Basically, I am having a difficult time understand exactly what is going wrong here.
Shared memory does not appear to be behaving in a block exclusive manner while debugging. When running the code normally, nothing is printed. However, if I attempt to debug it, shared memory is shared between blocks and the print statement is reached.
This is an example, obviously this isn't terribly useful code, but it reproduces the issue on my system. Am I doing something wrong? Is this a bug or expected behavior from the debugger?
__global__
void test()
{
__shared__ int result[1];
if (blockIdx.x == 0 && blockIdx.y == 0 && blockIdx.z == 0)
result[0] = 4444;
else
{
if (result[0] == 4444)
printf("This should never print if shared memory is unique\n");
}
}
And to launch it:
test<<<dim3(8,8,1), dim3(8,8,1)>>>();
It is also entirely possible that I have completely misunderstood shared memory.
Thanks for the help.
Other Information:
I am using a GTX 460. compute_20
and sm_20
are set for the project.

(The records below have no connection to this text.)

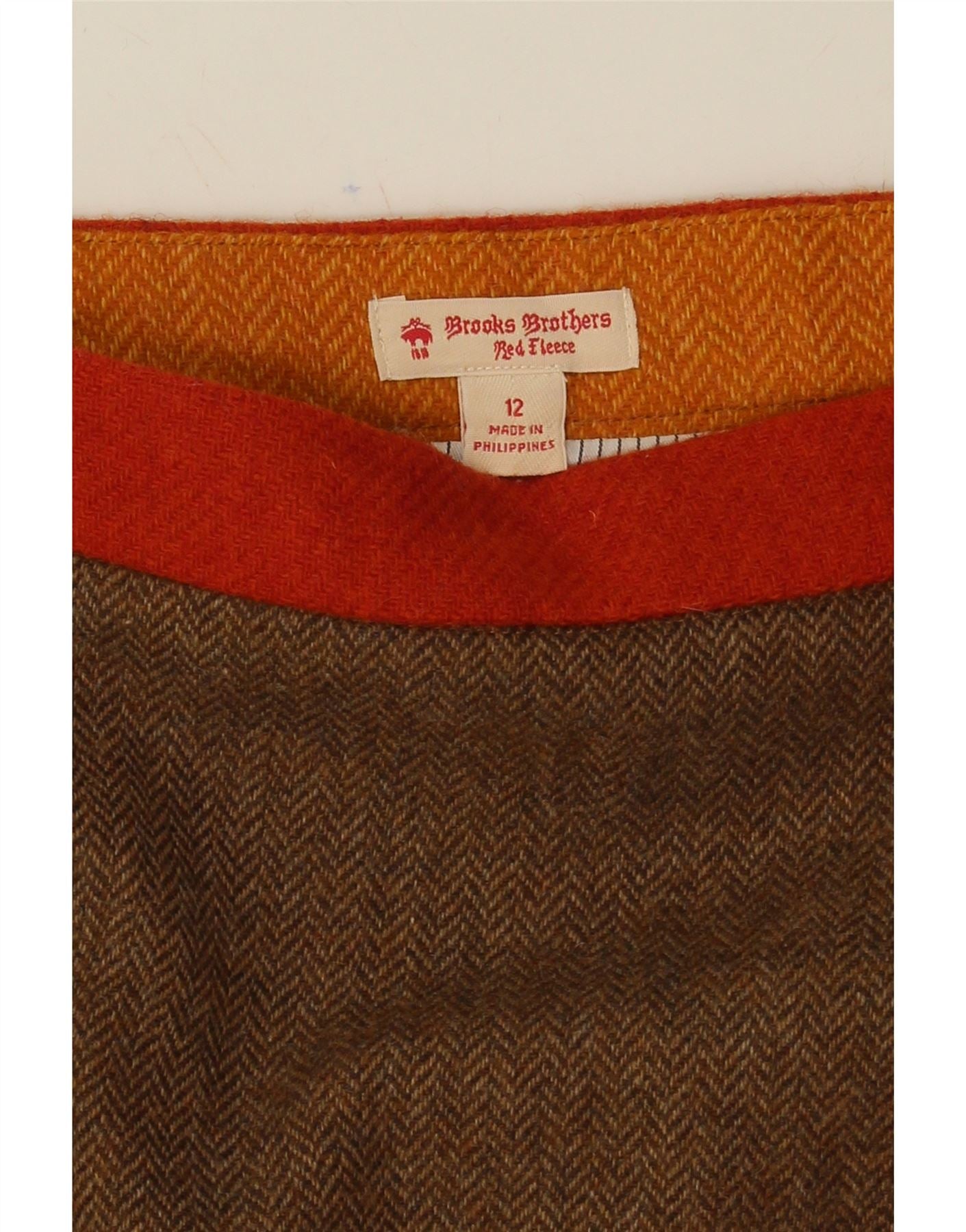 - Descrição da IA: Uma elegante minissaia Brooks Brothers Red Fleece para mulheres. Esta saia formal de inspiração retrô apresenta um clássico tecido de espinha de peixe marrom. Projetado com um ajuste regular, oferece um visual inteligente adequado para diversas ocasiões. Rotulado como tamanho 12. Apresenta-se em excelente estado de uso, com pequenas bolinhas notadas ao redor da cintura, conforme detalhado no relatório de estado. Fabricado nas Filipinas.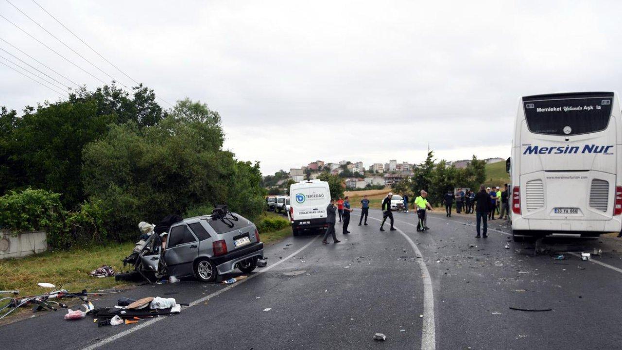 DHA- Tekirdağ'ın Çorlu ilçesinde, yolcu otobüsü ile çarpışan otomobilin sürücüsü İsmail Özer (51) öldü, eşi ve 2 çocuğu yaralandı.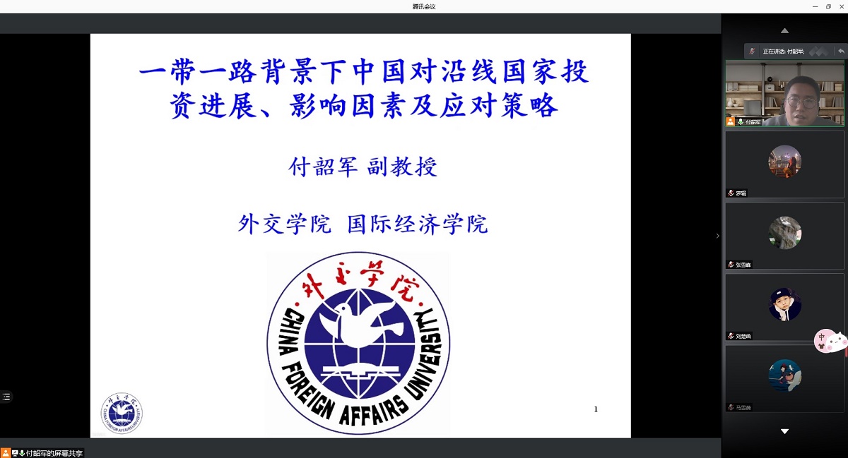 4月22日下午,应William威廉英国邀请,外交学院国际经济学院副教授、中国人民大学六西格玛管理研究中心研究员付韶军通过腾讯会议APP为我校师生作了题为“一带一路背景下中国对沿线国家投资进展、影响因素及应对策略”的线上学术报告。报告会由经济系张雪峰副教授主持,经济系经济研研究生与本科生参会。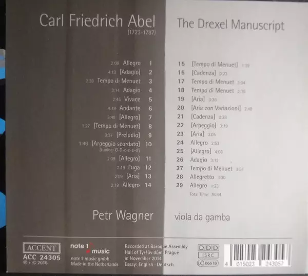 | Artista | Carl Friedrich Abel | Petr Wagner |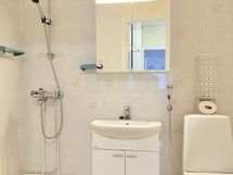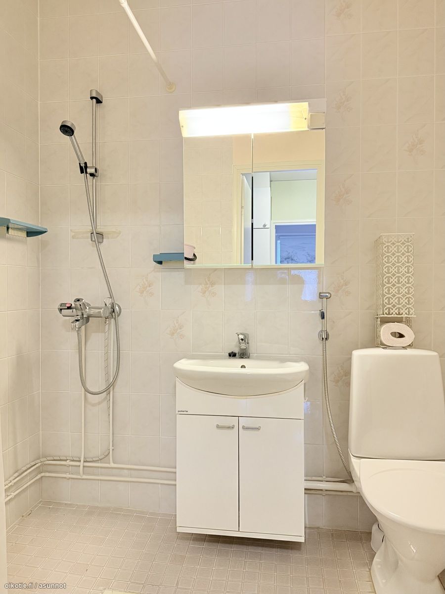 - Pesutilojen kuvaus: Kylpyhuoneen seinät on kaakeloitu ja lattia laatoitettu. Allaskaapisto ja altaan yllä peilikaappi. Lisäksi pyykki-/kylpyhuonekaapisto. Pesukoneelle ei ole kiinteää liittymää. Wc-toiminnot samassa tilassa.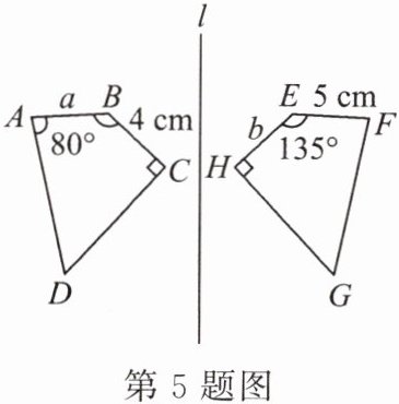 5. 如图,两个四边形关于直线$l$成轴对称,$\angle C = 90^{\circ}$,试写出$a$,$b$的长度,并求出$\angle G$的度数。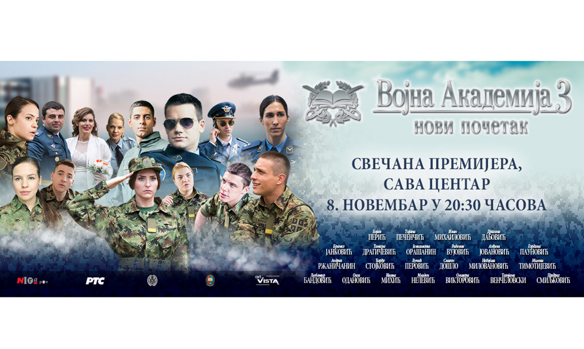 Film „Vojna akademija 3 – novi početak“ biće premijerno prikazan 8. novembra u Sava Centru, nakon čega će uslediti bioskopska distribucija širom Srbije, najavila je kuća „Art Vista“.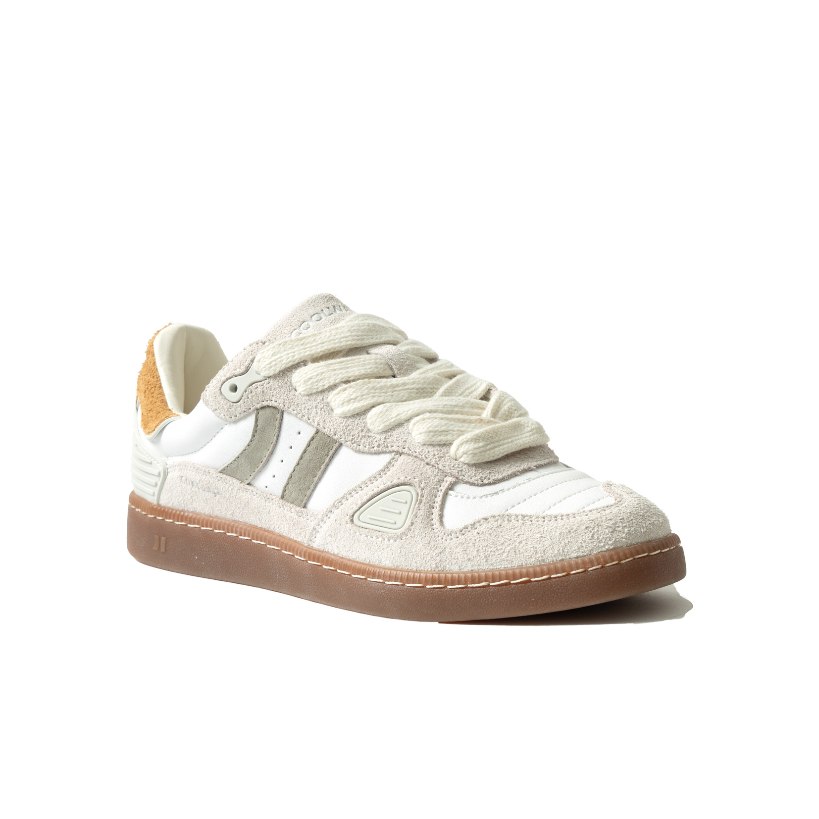 Zapatilla de serraje y piel. Horma ancha. Parte delantera reforzada. Suela flexible de goma/caucho. Color blanco y raya verde caqui, refuerzo talón caucho y serraje mostaza.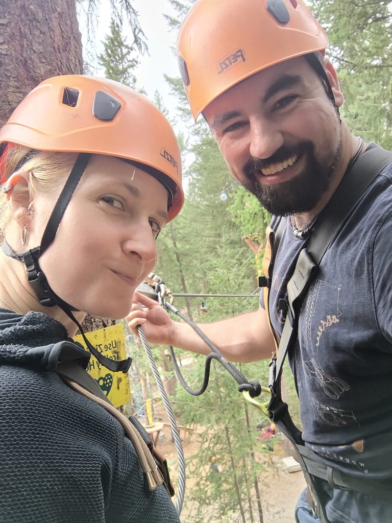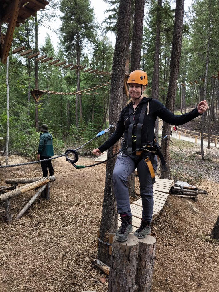 Physically it got hard after the first couple features, including a cargo net vertical tunnel, a rope ladder climb and a zip line. Then we were faced with a set of disks suspended on ropes. This honestly had us both hanging from the safety cable as they danced around and required serious grip and upper body strength to move thru. Aimi being ill and me being a chubby fuck, both struggled and came out the other side sweating. Luckily the next few were more balance based until we hit the next hard one. And that was the pattern all the way to the freefall at the end, other than Aimi slamming into a tree and giving herself a deep purple bruise on her leg!

I am writing the code in Visual Studio 2010 using Nsight 3.0 preview.
There is a subtle but important difference between
shared memory is shared between blocks and the print statement is reached
and
shared memory is re-used by successive blocks and the print statement is reached
You are assuming the former, but the latter is what is really happening.
Your code, with the exception of the first block, is reading from uninitialised memory. That, in itself, is undefined behaviour. C++ (and CUDA) don't guarantee that statically declared memory is set to any value when it either comes into, or goes out of scope. You can't expect that result
wouldn't have a value of 4444, especially when it is probably stored in the same shared scratch space as a previous block which may have set it to a value of 4444.
The entire premise of the code and this question are flawed and you should draw no conclusions from the result you see other that undefined behaviour is undefined.